Strengths and limitations
We can confirm validity of our findings for several reasons. First, the internal consistency of our panel was high, indicating good agreement among the experts. Second, a good level of external consistency was found. Furthermore, the similarity of the mean of our DW for poisonings with the single DW estimated in an Australian burden of disease study concerning self-inflicted injuries and poisonings 13 reinforces the reliability of our findings.
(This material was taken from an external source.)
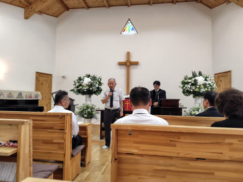 掛江牧師が司会進行しました。滝沢徳雄先生の説教

The limitations of this study include the relatively small panel of 10 experts, which resulted in broad 95% confidence intervals. Also, the fact that there is a lack of clear description or definition available for poisonings and their categories based on substance and the outcome is a limitation. Additionally, the DWs have been estimated by an expert panel, although it is also possible to generate a panel from a representative sample of the general population or people who have directly experienced the health state. Debate still exists as to the most appropriate population for health valuation. It is essential to understand that even using different kinds of panels may lead to different estimations of the DWs. Patient panels, for example, tend to rate health states better than the general public, 17 but sometimes worse than expert panels. 24 However, the level of agreement between expert panels and general public panels seems to be good. 17 We chose to use an expert panel in this study based on the fact that similar studies made use of expert panels. A final limitation might be the fact that the DWs have been generated in a middle income, eastern Mediterranean country, which limits the generalizability of the findings.
Footnotes
Acknowledgments
We would like to thank all our panellists for participating and collaborating with us. We also thank Mashhad University of Medical Sciences for supporting this project.
Declaration of Conflicting Interests
The author(s) declared no potential conflicts of interest with respect to the research, authorship, and/or publication of this article.
Funding
The author(s) received no financial support for the research, authorship, and/or publication of this article.